## Assignment
Repeat everything in the listing exactly, except for the images.

## Provided data
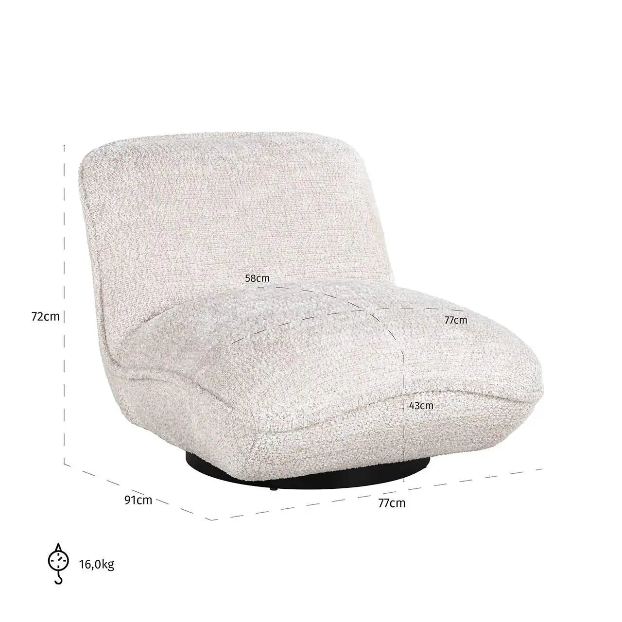 Fotel wyróżnia się wyraźnymi liniami i ponadczasową estetyką. Kolor kremowy nadaje mu elegancki i przyjazny wygląd, który świetnie komponuje się z różnymi aranżacjami wnętrz. Dzięki przestronnemu siedzisku i miękkiej wyściółce Ophelia zapewnia wyjątkowo komfortowe miejsce do wypoczynku. Oparcie i podłokietniki tworzą przyjemną, przytulną atmosferę. Fotel Ophelia został starannie wykonany z dbałością o najwyższe standardy trwałości i estetyki, będąc nie tylko estetycznym elementem, ale także funkcjonalnym i wygodnym meblem w Twoim wnętrzu.
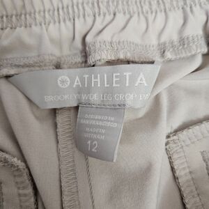 EUC Size 12 Athleta Women's Brooklynn Wide leg crop pant in ivory/cream/bone color. Soft poly/spandex stretch material with pockets. Measurements as shown in photos.
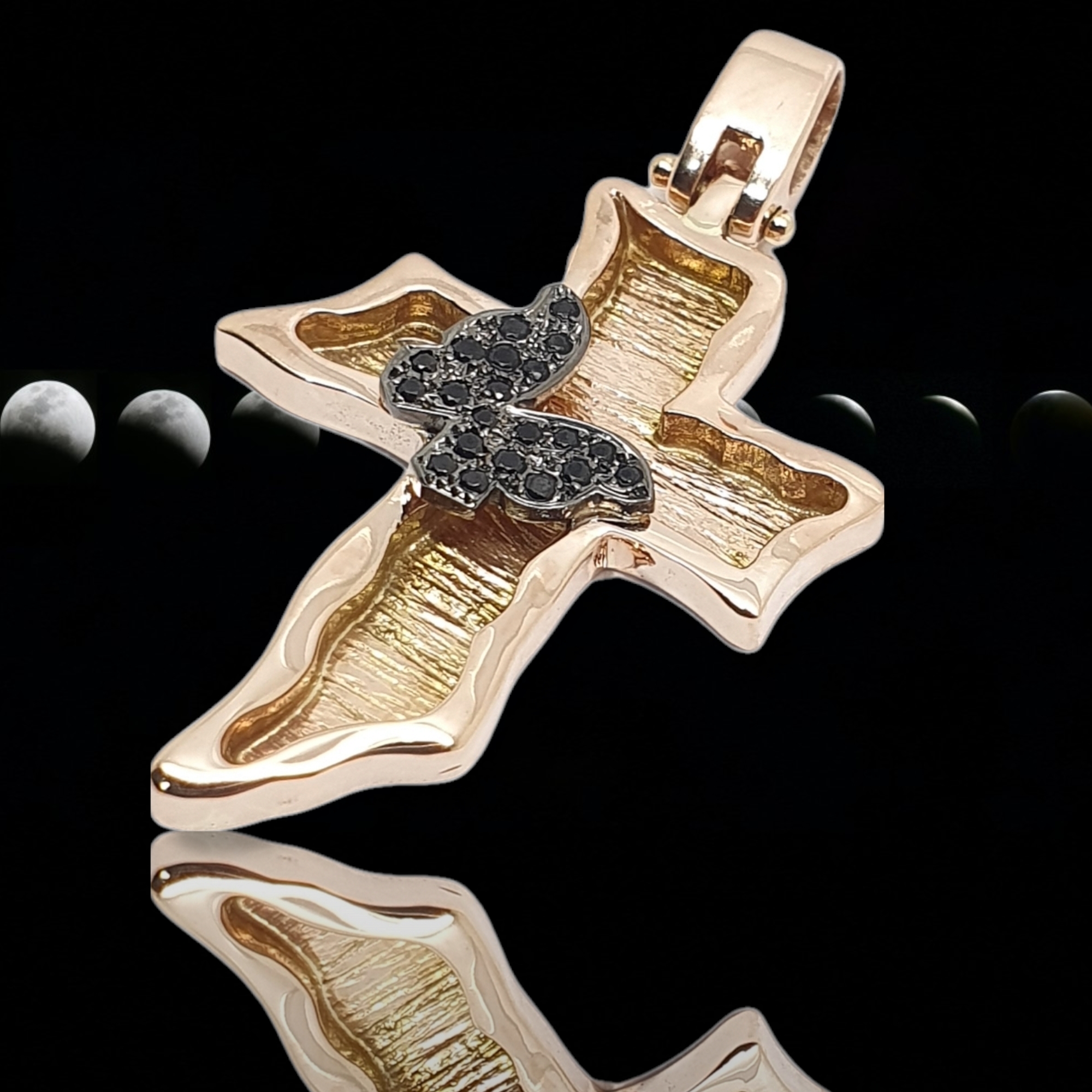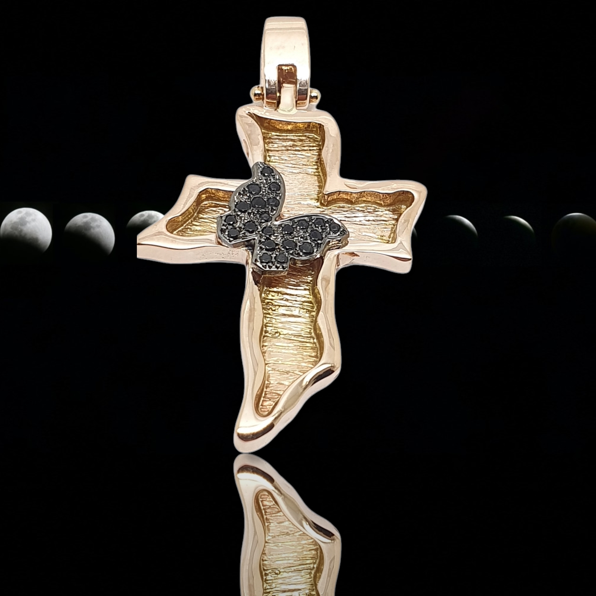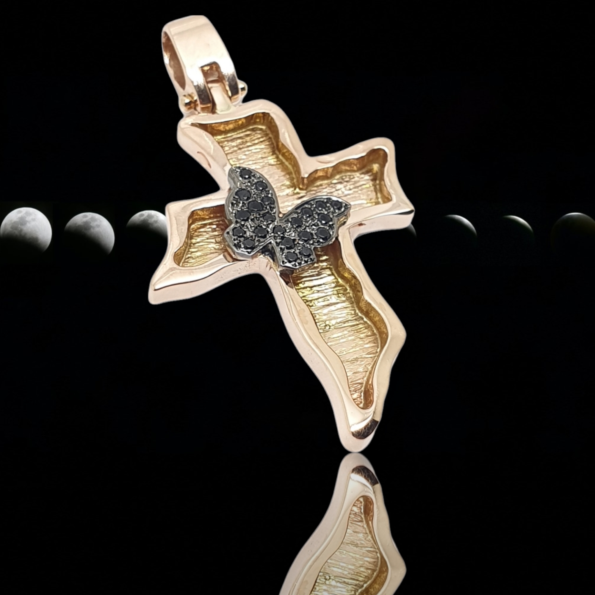 Σταυρός απο ροζ χρυσό με πεταλούδα στολισμένη με μαύρα ζιργκόν.

## Problem solution
 Fotel wyróżnia się wyraźnymi liniami i ponadczasową estetyką. Kolor kremowy nadaje mu elegancki i przyjazny wygląd, który świetnie komponuje się z różnymi aranżacjami wnętrz. Dzięki przestronnemu siedzisku i miękkiej wyściółce Ophelia zapewnia wyjątkowo komfortowe miejsce do wypoczynku. Oparcie i podłokietniki tworzą przyjemną, przytulną atmosferę. Fotel Ophelia został starannie wykonany z dbałością o najwyższe standardy trwałości i estetyki, będąc nie tylko estetycznym elementem, ale także funkcjonalnym i wygodnym meblem w Twoim wnętrzu.
 EUC Size 12 Athleta Women's Brooklynn Wide leg crop pant in ivory/cream/bone color. Soft poly/spandex stretch material with pockets. Measurements as shown in photos.
 Σταυρός απο ροζ χρυσό με πεταλούδα στολισμένη με μαύρα ζιργκόν.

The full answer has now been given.